** Opening Material provided block **
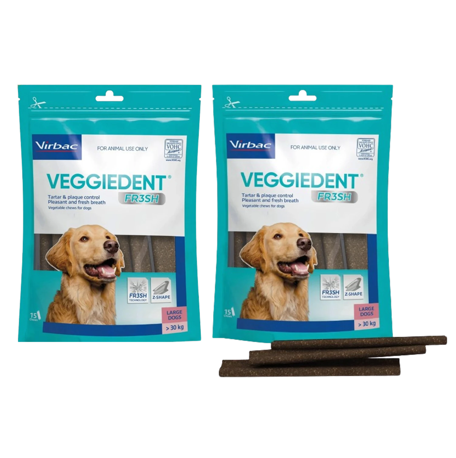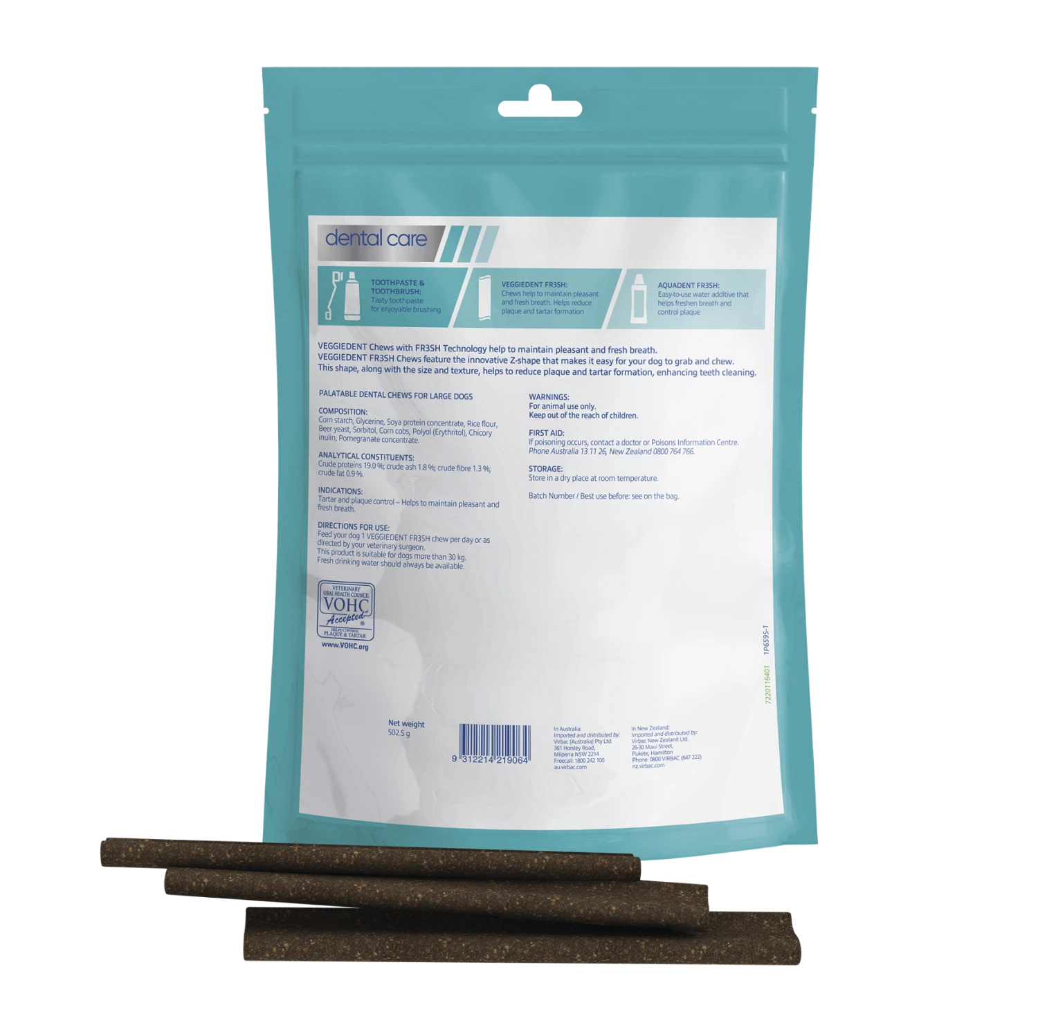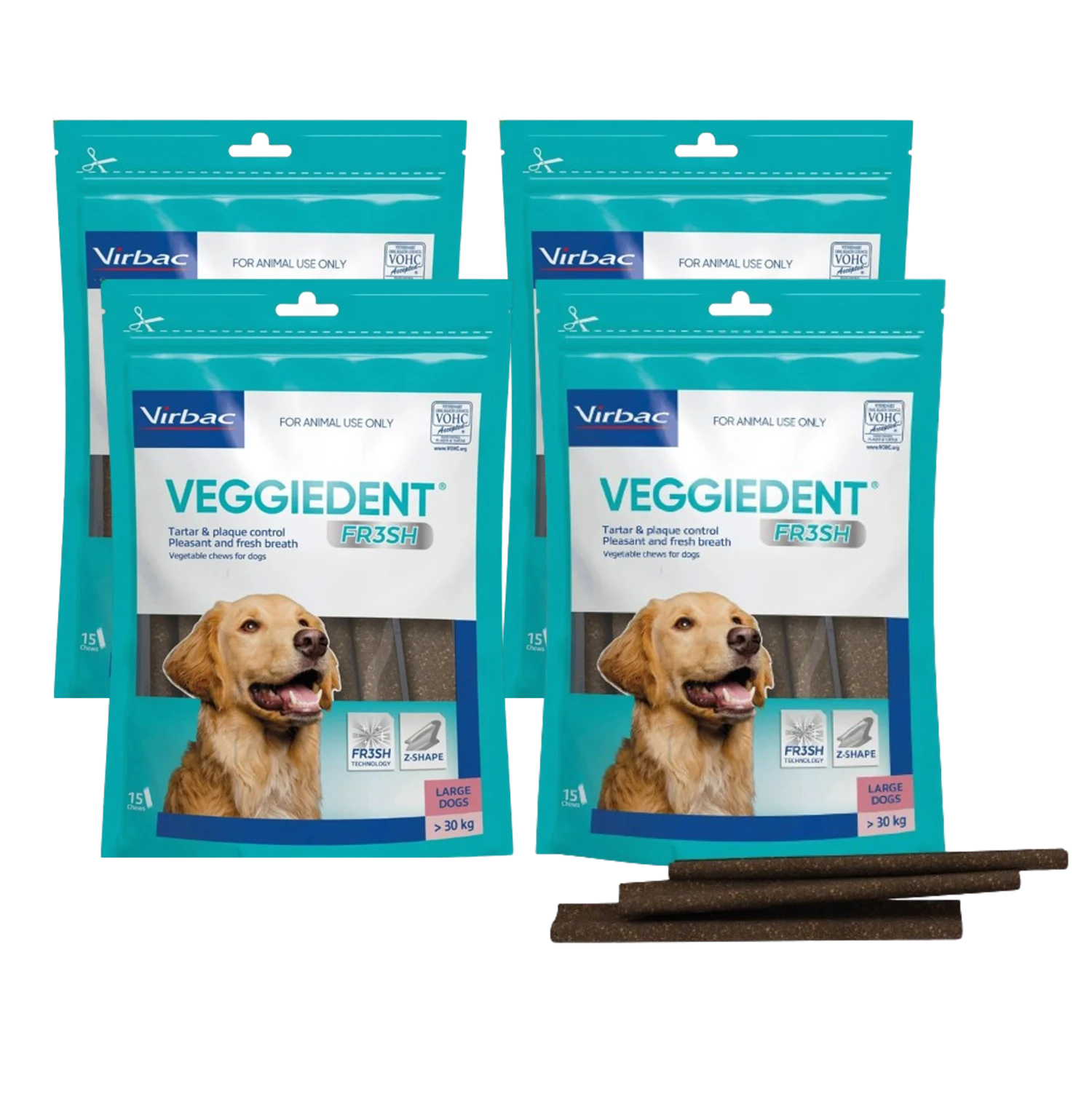 VeggieDent® FR3SH dental chews feature an innovative Z-shape design, making them easy for your dog to grab and chew. This unique shape, combined with the right size and texture, effectively reduces plaque and tartar formation, promoting dental health as recognised by the Veterinary Health Care Council (VOHC®).
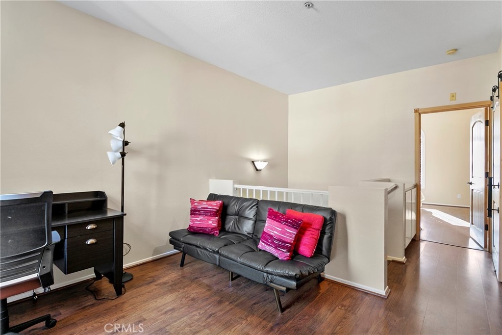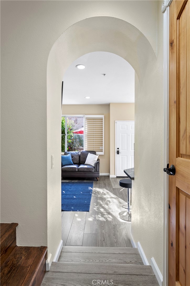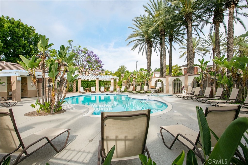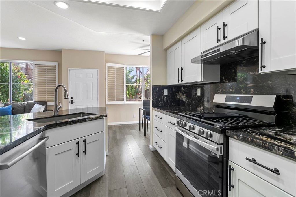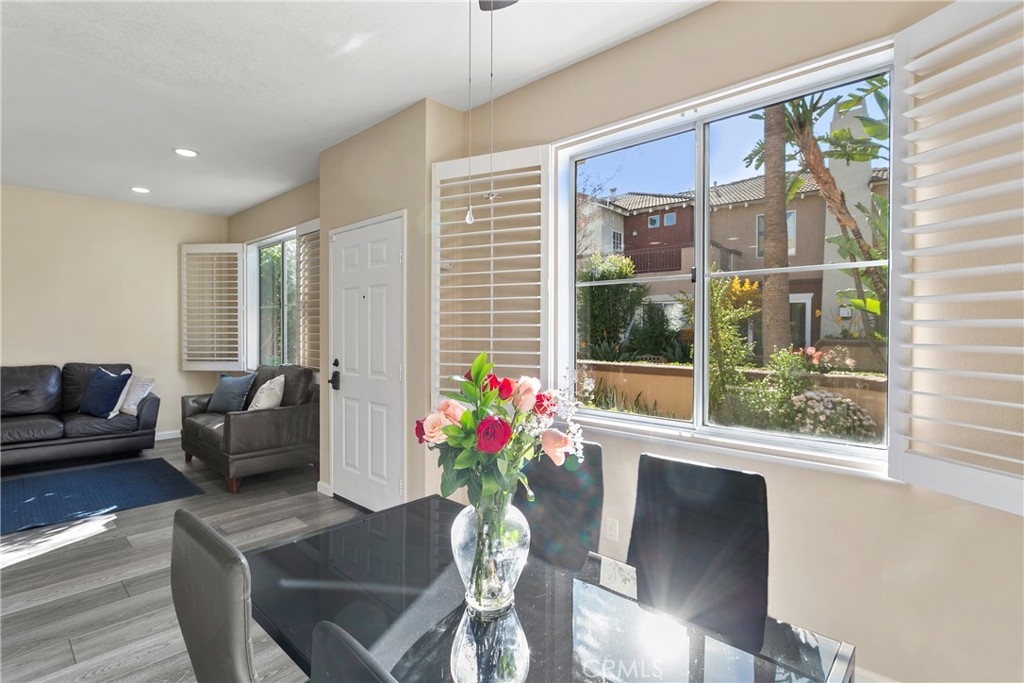 This delightful townhome is nestled in the charming Vineyards community of Foothill Ranch. The inviting gated patio sets the stage for outdoor gatherings and is a perfect place to unwind in a picturesque setting. The floor plan is open and bright, complemented by fresh paint and luxury vinyl plank flooring. Cooking is a pleasure in the modern kitchen, with stainless steel appliances, new white cabinets, granite counters, and an oversized breakfast bar. The contemporary kitchen flows seamlessly into the living room with a cozy fireplace and dining area. The home has direct access to a two-car garage with plenty of storage. Retreat to the 2nd-floor primary suite with a modern bath with a soaking tub and shower combination, dual sinks, a large walk-in closet, and a private terrace, a peaceful spot for morning coffee. There is an additional bedroom, full bath, and stylish barn doors to conceal the laundry. The spacious loft is an ideal spot for a home office with a 2nd private terrace. Enjoy community amenities, including a pool, spa, and playground, while conveniently located near shopping, restaurants, movie theaters, schools, parks, 241 Toll Road, and Whiting Ranch Wilderness Park with hiking and biking trails.
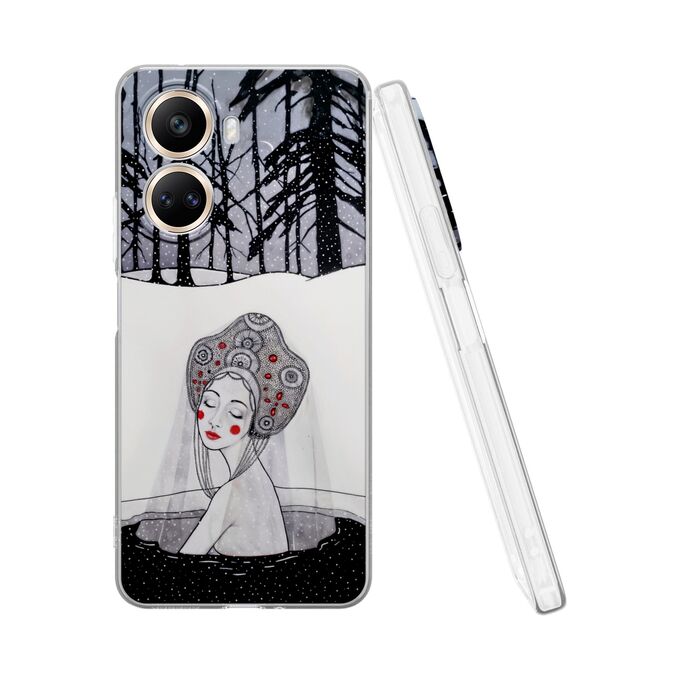 Силиконовый чехол Mcover для Nova 10 SE (Нова 10 СЕ), с принтом Девушка в кокошнике в лесу
** Closing Material provided block **
### Problem description
The answer must be the full listing, exact in every line, with the pictures removed.

### Worked solution
 VeggieDent® FR3SH dental chews feature an innovative Z-shape design, making them easy for your dog to grab and chew. This unique shape, combined with the right size and texture, effectively reduces plaque and tartar formation, promoting dental health as recognised by the Veterinary Health Care Council (VOHC®).
 This delightful townhome is nestled in the charming Vineyards community of Foothill Ranch. The inviting gated patio sets the stage for outdoor gatherings and is a perfect place to unwind in a picturesque setting. The floor plan is open and bright, complemented by fresh paint and luxury vinyl plank flooring. Cooking is a pleasure in the modern kitchen, with stainless steel appliances, new white cabinets, granite counters, and an oversized breakfast bar. The contemporary kitchen flows seamlessly into the living room with a cozy fireplace and dining area. The home has direct access to a two-car garage with plenty of storage. Retreat to the 2nd-floor primary suite with a modern bath with a soaking tub and shower combination, dual sinks, a large walk-in closet, and a private terrace, a peaceful spot for morning coffee. There is an additional bedroom, full bath, and stylish barn doors to conceal the laundry. The spacious loft is an ideal spot for a home office with a 2nd private terrace. Enjoy community amenities, including a pool, spa, and playground, while conveniently located near shopping, restaurants, movie theaters, schools, parks, 241 Toll Road, and Whiting Ranch Wilderness Park with hiking and biking trails.
 Силиконовый чехол Mcover для Nova 10 SE (Нова 10 СЕ), с принтом Девушка в кокошнике в лесу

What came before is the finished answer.